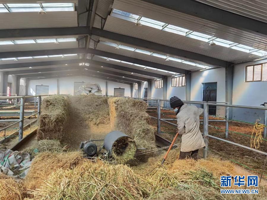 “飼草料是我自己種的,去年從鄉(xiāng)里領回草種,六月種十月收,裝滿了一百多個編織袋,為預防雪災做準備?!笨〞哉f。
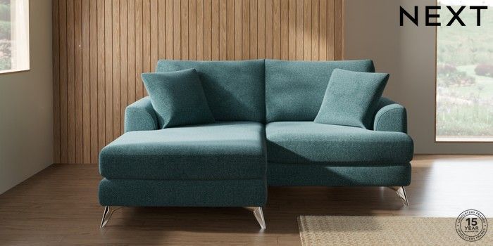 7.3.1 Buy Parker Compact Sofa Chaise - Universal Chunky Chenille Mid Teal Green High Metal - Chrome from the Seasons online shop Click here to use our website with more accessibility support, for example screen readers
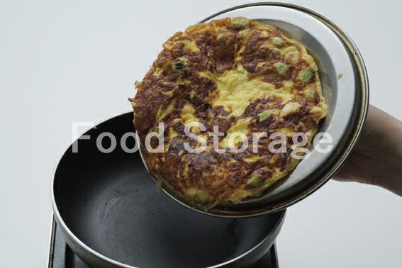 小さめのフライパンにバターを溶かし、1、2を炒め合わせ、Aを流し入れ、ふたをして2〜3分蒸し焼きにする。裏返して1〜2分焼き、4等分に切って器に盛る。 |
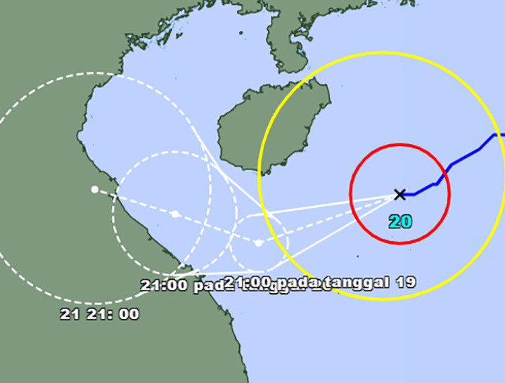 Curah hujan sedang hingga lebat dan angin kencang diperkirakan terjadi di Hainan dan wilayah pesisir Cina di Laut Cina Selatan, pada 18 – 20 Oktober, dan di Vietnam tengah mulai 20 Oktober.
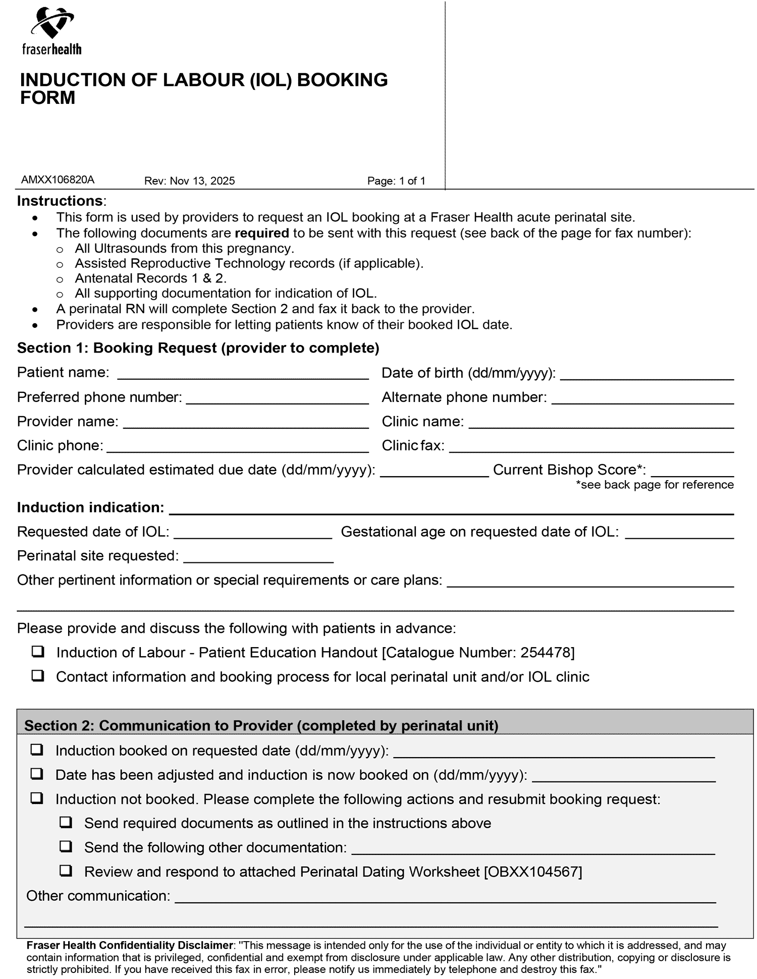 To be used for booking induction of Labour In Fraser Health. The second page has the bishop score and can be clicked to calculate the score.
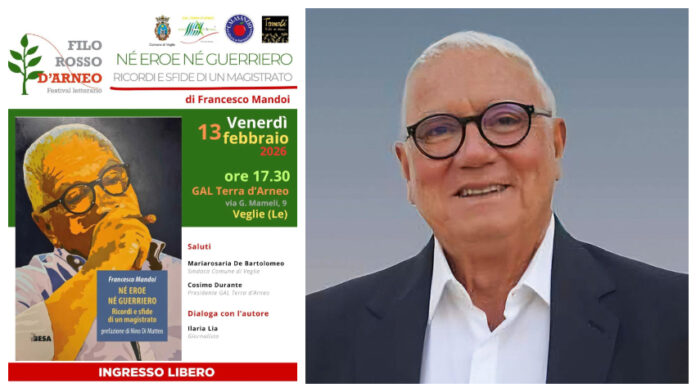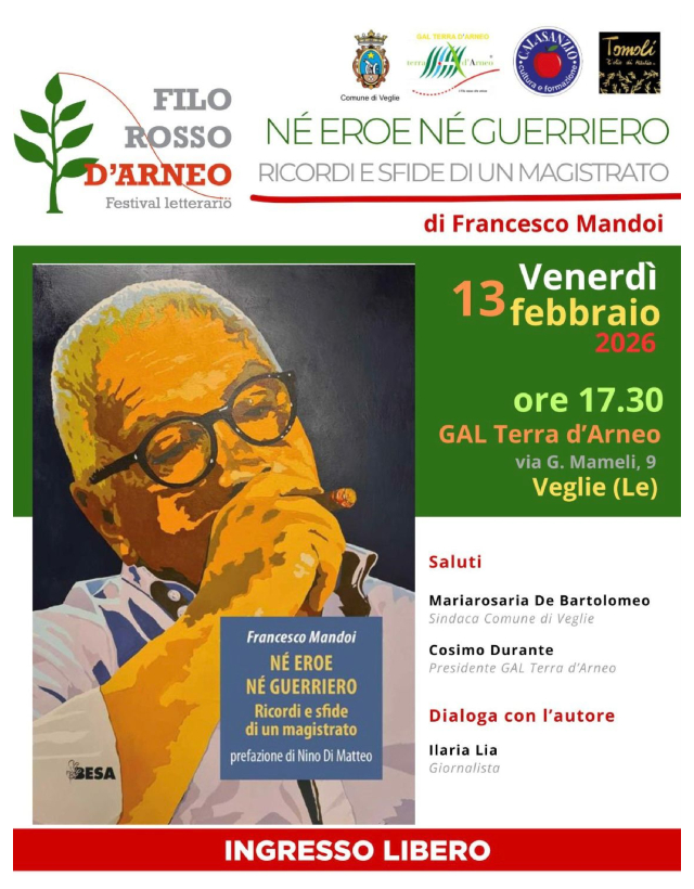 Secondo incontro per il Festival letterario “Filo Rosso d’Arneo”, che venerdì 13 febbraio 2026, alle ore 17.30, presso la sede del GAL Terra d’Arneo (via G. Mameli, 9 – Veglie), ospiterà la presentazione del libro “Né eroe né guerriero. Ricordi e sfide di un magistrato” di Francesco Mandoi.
=======
## Directions
Copy exactly, and copy nothing else: the lines from the one containing "Curah hujan sedang" through the end of the data, both ends included, with pictures left out.

## Answer section
 Curah hujan sedang hingga lebat dan angin kencang diperkirakan terjadi di Hainan dan wilayah pesisir Cina di Laut Cina Selatan, pada 18 – 20 Oktober, dan di Vietnam tengah mulai 20 Oktober.
 To be used for booking induction of Labour In Fraser Health. The second page has the bishop score and can be clicked to calculate the score.
 Secondo incontro per il Festival letterario “Filo Rosso d’Arneo”, che venerdì 13 febbraio 2026, alle ore 17.30, presso la sede del GAL Terra d’Arneo (via G. Mameli, 9 – Veglie), ospiterà la presentazione del libro “Né eroe né guerriero. Ricordi e sfide di un magistrato” di Francesco Mandoi.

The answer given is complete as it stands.